Subject: Re: dinode: di_spare[2]
To: Jonathan Stone <jonathan@dsg.stanford.edu>
From: Jason Thorpe <thorpej@nas.nasa.gov>
List: tech-kern
Date: 12/01/1997 19:02:16
On Mon, 1 Dec 1997 16:36:22 -0800 (PST)
Jonathan Stone <jonathan@DSG.Stanford.EDU> wrote:
> NAS=Numerical Aerospace Simulation (or something close)
>
> A NASA group at NASA Ames, (at Moffet Field, just down the peninsula)
> doing aerodynamic simulation, virtual wind-tunnels, and other neat and
> data/CPU-intensive stuff. Several NetBSD developers and a core group
> member are employed there. I'm sure they'll correct the acronym.
Yup! :-) NetBSD developers who are also NAS staff do things ranging
from network r&d, mass storage development, parallel systems development,
and graphics systems development.
> HSM==Hierarchical Storage Management
>
> Mainframe-style on-demand automigration of data between disks and
> less-accesible media, like tape robots. I think NAS still use this;
> they used to have a custom-built tape robot in the 80s, when their
> online storage demands exceeded the capacit of COTS solutions.
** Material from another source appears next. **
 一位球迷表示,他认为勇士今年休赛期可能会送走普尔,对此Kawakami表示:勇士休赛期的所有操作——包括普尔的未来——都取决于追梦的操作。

Actually, the tape robots are "COTS" ... they're large StorageTek silos
w/ Timberline-series drives. The original version of NAStore (our HSM
system) ran on an Amdahl. That was replaced several years ago with
a couple of Convex 3820s (which is what it still runs on). The software,
however, is not COTS. NAStore is made up of several userspace daemons
that do the data migration, a large database that maps file handle to
silo/tape/file, as well as modifications to the operating system's
UFS implementation, which provide the hooks for the data migration.
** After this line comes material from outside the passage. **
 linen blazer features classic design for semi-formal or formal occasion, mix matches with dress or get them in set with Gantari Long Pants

We're working on the next version, which will be cheaper, more reliable,
more scalable, etc., etc. Thusfar, most of that work is being done with
NetBSD/alpha on a few AlphaServer 8200s. We hope to possibly replace the
custom hooks with a freely-distributable DMAPI implementation (a standardized
API for HSM-style data migration) which will then be integrated into the
master NetBSD sources.
We still use HSM because of the insane amount of data we need to store
(mostly CFD data sets). We're projecting MSS 3 to be capable of storing
multiple petabytes in the first production version.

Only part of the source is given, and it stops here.